Chicken Tzatziki Twist

Thursday, January 31, 2013

From our skinny table to yours...

Here is a spin on one of our favorite appetizers! Tonight we are turning the traditional Greek tzatziki dip into a full meal, with our own twist of course :) Our version doubles, no triples the veggies and takes the flavor to a whole new level!  This dish is super healthy as the dip is simply made out of protein packed plain Greek yogurt and tons of chopped veggies and fresh herbs. That's it!  This is an easy one with barely any clean up. So let's get chopping so we can get dipping!

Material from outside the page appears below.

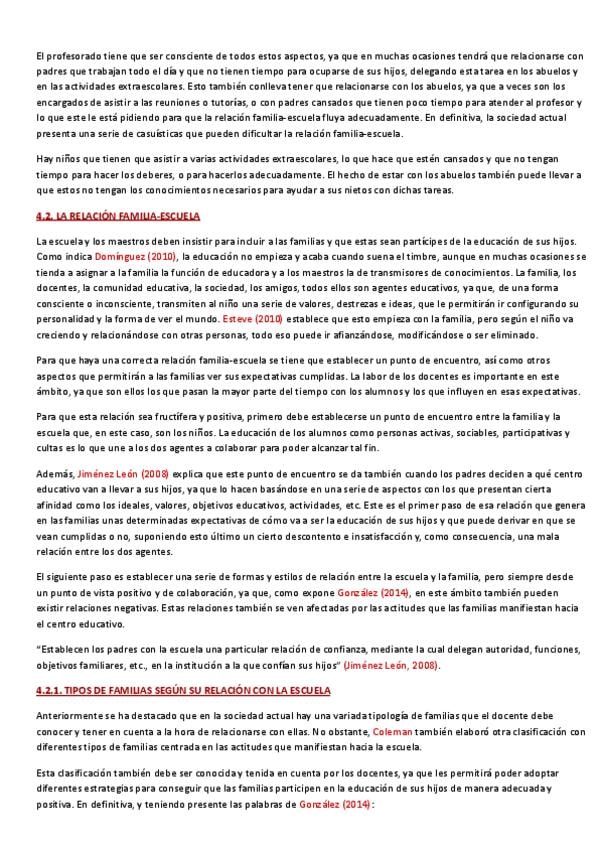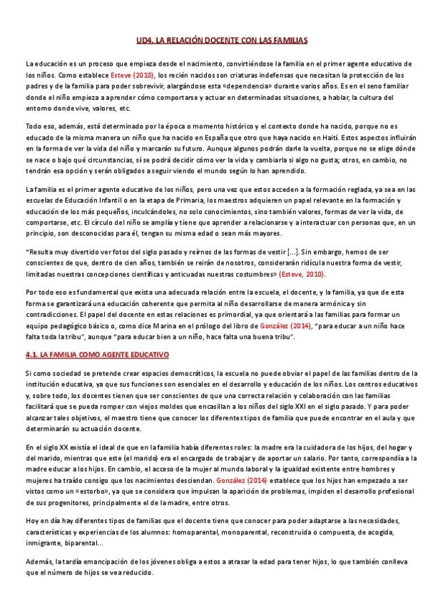 Resumen completo UD4 (La relación docente con las familias) de la asignatura Funciones Docentes y Competencias del Maestro

We start off by chopping all of our veggies into small chunks!  Our tzatziki consists of chopped cherry tomatoes, red and yellow pepper, cucumber, red onion, garlic and jalapeno.  Yum, skip the jalapeno of course if you aren't spice nuts like us!  We add another layer of flavor with freshly squeezed lemon juice, olive oil, vinegar and LOTS of fresh dill!  This dish tastes best when chilled so if you have the time chop early and let it rest in the fridge for a bit.

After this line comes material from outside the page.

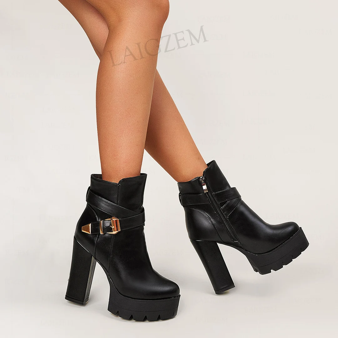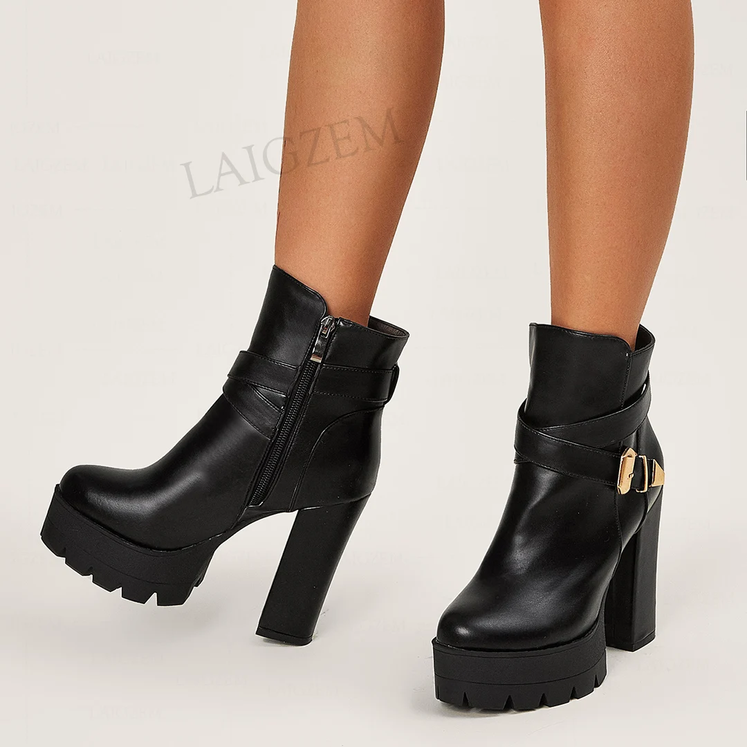 SEIIHEM/женские ботильоны на платформе с круглым носком; Ботинки на Высоком толстом каблуке; Женская обувь из искусственной кожи черного цвета; Размеры 36, 37, 38, 42, 43

We serve this dish with grilled chicken and warm pita bread.  We grilled our chicken with garlic, lemon juice and fresh dill to complement our dip!  There are so many ways you can use this dip. This would be a great one to serve as an appetizer for a dinner party alongside chopped veggies and pita bread for dipping! This would also make for a wonderful substitution for mayonnaise on any sandwich. But back to tonight's meal... make a small sandwich out of pita, grilled chicken and tzatziki or simply dip like us.  We love to dip :)

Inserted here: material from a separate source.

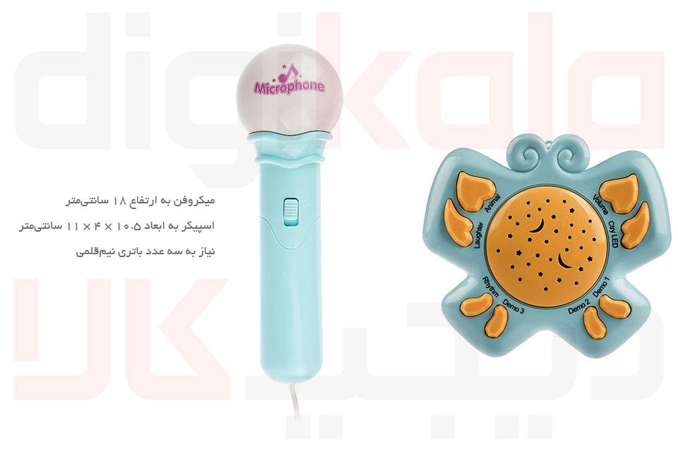 در این مجموعه‌ی دوعددی، یک اسپیکر به شکل پروانه به ابعاد 10.5 × 4 × 11 سانتی‌متر قرار گرفته است که قسمت میانی آن چراغ دارد. موسیقی به همراه نور همیشه کودکان را جذب خود خواهد کرد که مجموعه‌ی فوق هر دوی آن‌ها را دارد. همراه این اسپیکر پروانه‌ای‌شکل، یک میکروفون 18سانتی‌متری ارائه می‌شود که از آن می‌توان به‌عنوان پخش‌کننده‌ی صدا استفاده کرد. این میکروفون دکمه‌ی خاموش و روشن دارد و توسط کابل AUX به اسپیکر متصل می‌شود. اسپیکر و میکروفون در سه رنگ آبی روشن و زرد و صورتی در سایت موجود است که می‌توانید بنا به سلیقه‌ی خود و جنسیت فرزند دلبندتان، یکی از آن‌ها را انتخاب و خریداری کنید. می‌توانید توسط اسپیکر صدای شش حیوان مختلف را به فرزند دلبندتان آموزش دهید؛ علاوه‌براین سی ملودی مختلف به همراه سه صدای خنده و سه ریتم درام و سه دموی متنوع در آن وجود دارد که می‌توان از آن‌ها استفاده کرد. اسپیکر به سه باتری نیم‌قلمی نیاز دارد که در بسته موجود نیست.

Hope you enjoy this one :)

Chicken Tzatziki Twist
1 pound chicken breast
2 cups plain greek yogurt
Olive oil
4 cloves garlic
1 pint cherry tomatoes
1 cucumber
1 red pepper
1 yellow pepper
1 jalapeno
1 tsp red wine vinegar
lemon for juicing
handful fresh dill

Let's get cooking!
1.  Mince all garlic and jalapeno.  Chop cucumber and peppers into small chunks. Quarter cherry tomatoes.  Add 3/4 garlic (save a little to flavor chicken) and the rest of the ingredients to the greek yogurt.  Chop dill and add 3/4 of dill to yogurt dip.  Mix in 1 tsp olive oil, juice of 1/2 lemon, and vinegar.  Mix well and set aside in fridge to chill.
2.  Trim excess fat from chicken breast.  Cook chicken breast on medium heat in 1 tsp olive oil and the remaining garlic and dill.  Squeeze the juice from the remaining 1/2 lemon over top. Cook chicken for approx 7 minutes per side, or until cooked through.  Chicken should be white throughout. 
3.  Slice chicken horizontally when fully cooked and serve up with your chilled tzatziki sauce. Serve with warm pita bread if desired.